[What you will do]:
Exactly retype the opening line of the entries and every line after it, ending with the line that contains "Description: Carved Stone". Skip all pictures.

[Data for processing]:

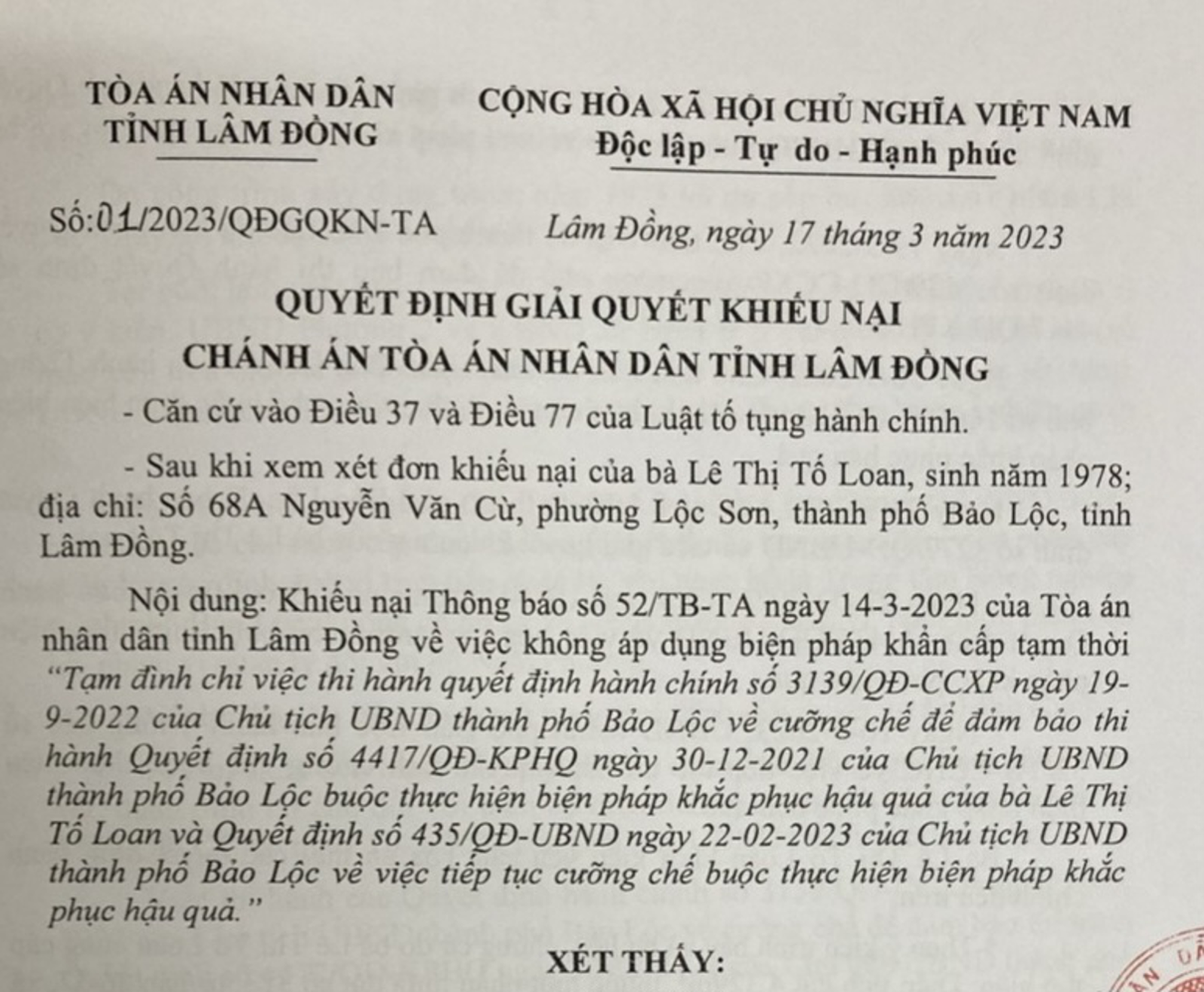 Chỉ 1 ngày sau khi cưỡng chế, ngày 17/3/2023, TAND tỉnh Lâm Đồng đã có Quyết định số 01/2023/QĐGQKN-TA giải quyết khiếu nại của bà Lê Thị Tố Loan khiếu nại Thông báo số 52/TB-TA ngày 14/3/2023 của TAND tỉnh Lâm Đồng về việc không áp dụng biện pháp khẩn cấp tạm thời: “Tạm đình chỉ việc thi hành quyết định hành chính số 3139/QĐ-CCXP ngày 19/9/2022 của Chủ tịch UBND TP Bảo Lộc về cưỡng chế để đảm bảo thi hành Quyết định số 4417/QĐ-KPQH ngày 30/12/2021 của Chủ tịch UBND TP Bảo Lộc buộc thực hiện biện pháp khắc phục hậu quả của bà Lê Thị Tố Loan và Quyết định 435/QĐ-UBND ngày 22/2/2023 của Chủ tịch UBND TP Bảo Lộc về việc tiếp tục cưỡng chế buộc thực hiện biện pháp khắc phục hậu quả”.
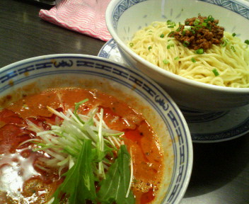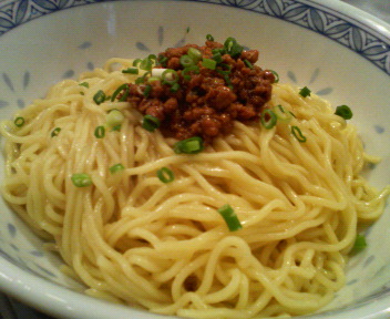 予想通りの赤い液が入ったつけスープ。表面は赤めの半透明なのでラー油なのか。麺は茹で上げた後、何かと和えていたが、何かは分からない。上にはひき肉ですね。
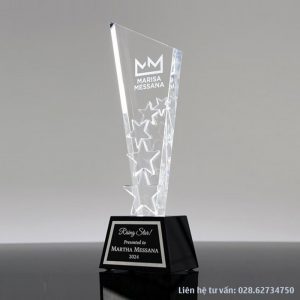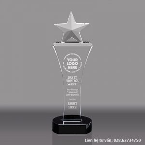 Cúp pha lê ngôi sao được làm từ pha lê trắng trong. Phối thêm các màu khác theo yêu cầu, nội dung khắc theo yêu cầu riêng từng sự kiện. Cúp pha lê ngôi sao được làm từ pha lê trong. Phối thêm các màu khác theo yêu cầu, nội dung khắc theo yêu cầu riêng từng sự kiện. Ngoài mẫu tiêu chuẩn, khách hàng có thể đặt theo mẫu, kích thước riêng.
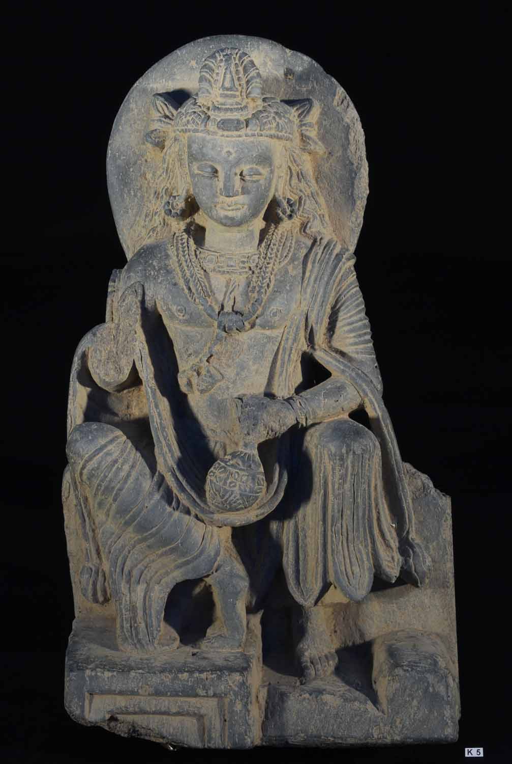 Description: Carved Stone Depiction of a Bodhisattva.
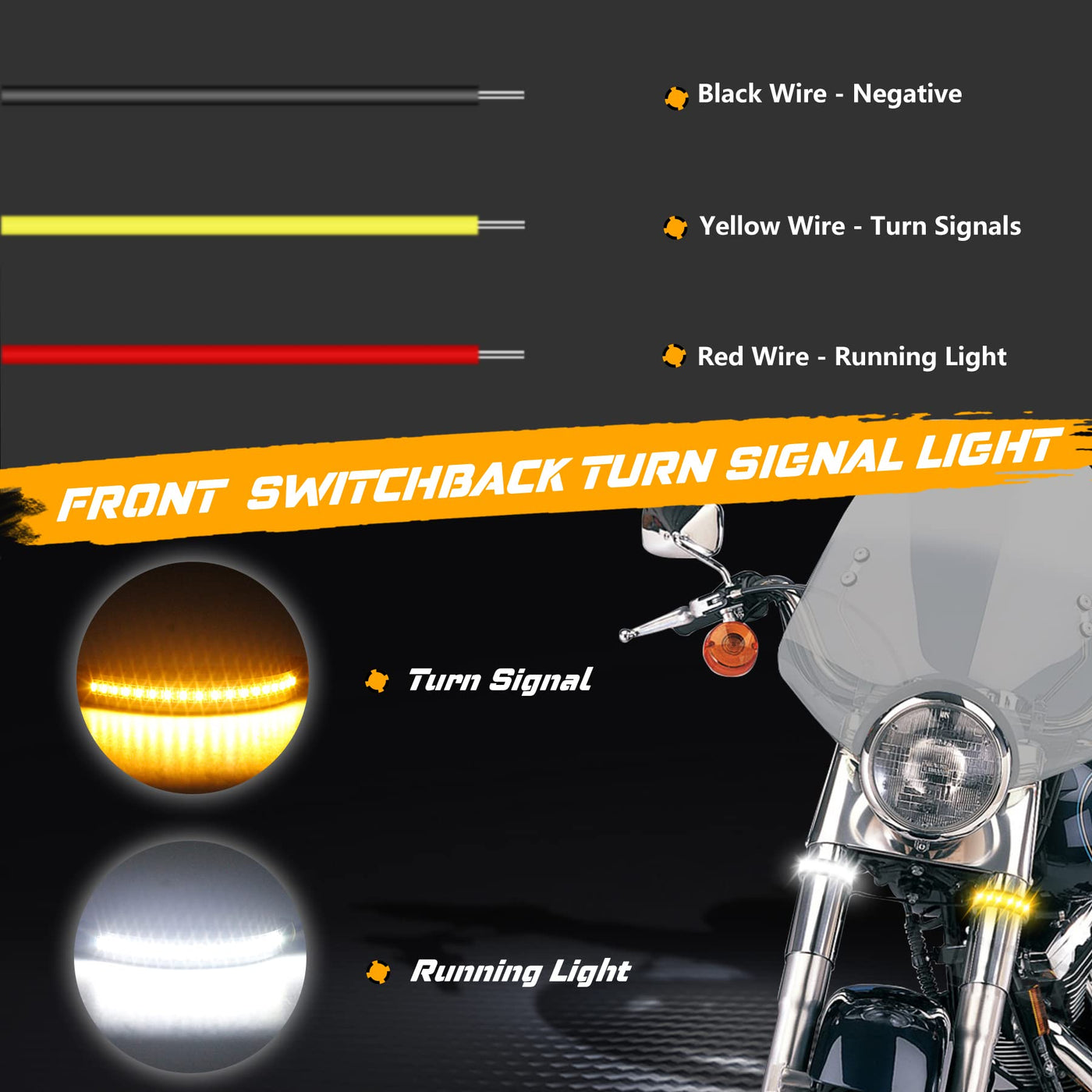 Features: Front Switchback Light Operation: Led Illuminate White Acting As Daytime Running Lights And Switch To Amber When Turn Signals Activated. Leds Return To White When Turn Signal Is De-Activated Sequential Flashing, Front Turn Signals Flash Sequentially Easy Installation, Splice Wire Onto Existing Wire Harness Ip67 Waterproof, Sealed Well, Keep Water Out Even In Heavy Rain

[Solved problem]:
 Chỉ 1 ngày sau khi cưỡng chế, ngày 17/3/2023, TAND tỉnh Lâm Đồng đã có Quyết định số 01/2023/QĐGQKN-TA giải quyết khiếu nại của bà Lê Thị Tố Loan khiếu nại Thông báo số 52/TB-TA ngày 14/3/2023 của TAND tỉnh Lâm Đồng về việc không áp dụng biện pháp khẩn cấp tạm thời: “Tạm đình chỉ việc thi hành quyết định hành chính số 3139/QĐ-CCXP ngày 19/9/2022 của Chủ tịch UBND TP Bảo Lộc về cưỡng chế để đảm bảo thi hành Quyết định số 4417/QĐ-KPQH ngày 30/12/2021 của Chủ tịch UBND TP Bảo Lộc buộc thực hiện biện pháp khắc phục hậu quả của bà Lê Thị Tố Loan và Quyết định 435/QĐ-UBND ngày 22/2/2023 của Chủ tịch UBND TP Bảo Lộc về việc tiếp tục cưỡng chế buộc thực hiện biện pháp khắc phục hậu quả”.
 予想通りの赤い液が入ったつけスープ。表面は赤めの半透明なのでラー油なのか。麺は茹で上げた後、何かと和えていたが、何かは分からない。上にはひき肉ですね。
 Cúp pha lê ngôi sao được làm từ pha lê trắng trong. Phối thêm các màu khác theo yêu cầu, nội dung khắc theo yêu cầu riêng từng sự kiện. Cúp pha lê ngôi sao được làm từ pha lê trong. Phối thêm các màu khác theo yêu cầu, nội dung khắc theo yêu cầu riêng từng sự kiện. Ngoài mẫu tiêu chuẩn, khách hàng có thể đặt theo mẫu, kích thước riêng.
 Description: Carved Stone Depiction of a Bodhisattva.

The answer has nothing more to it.